*** Opening Excerpted data ***

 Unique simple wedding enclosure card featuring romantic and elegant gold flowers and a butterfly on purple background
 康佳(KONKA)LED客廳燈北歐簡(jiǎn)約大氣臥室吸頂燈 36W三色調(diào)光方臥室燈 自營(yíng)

*** Closing Excerpted data ***
*** Opening Excerpted data ***

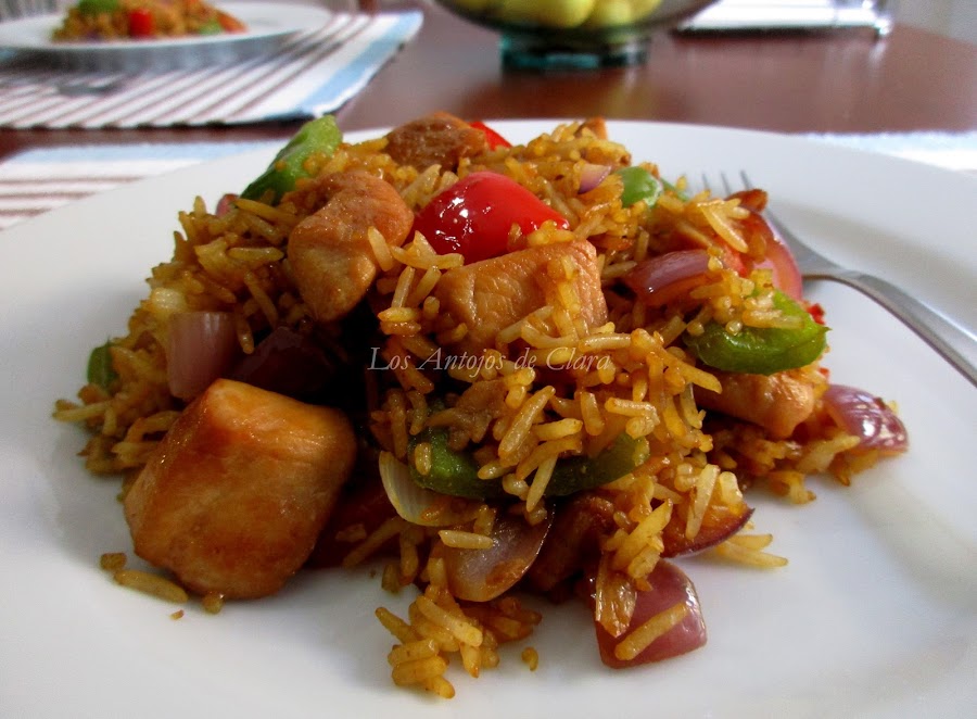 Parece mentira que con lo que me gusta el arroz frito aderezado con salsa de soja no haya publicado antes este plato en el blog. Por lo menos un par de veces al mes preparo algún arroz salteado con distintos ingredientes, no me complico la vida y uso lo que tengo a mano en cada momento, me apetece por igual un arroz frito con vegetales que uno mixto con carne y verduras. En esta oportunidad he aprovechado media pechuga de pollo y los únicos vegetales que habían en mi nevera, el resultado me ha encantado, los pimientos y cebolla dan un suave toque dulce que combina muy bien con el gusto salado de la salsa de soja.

*** Closing Excerpted data ***

Restate word for word the lines in the material above from the one with "Unique simple wedding" to the one with "康佳(KONKA)LED客廳燈北歐簡(jiǎn)約大氣臥室吸頂燈 36W三色調(diào)光方臥室燈 自營(yíng)"; both of those lines count, and nothing else does.

Task solution >>
 Unique simple wedding enclosure card featuring romantic and elegant gold flowers and a butterfly on purple background
 康佳(KONKA)LED客廳燈北歐簡(jiǎn)約大氣臥室吸頂燈 36W三色調(diào)光方臥室燈 自營(yíng)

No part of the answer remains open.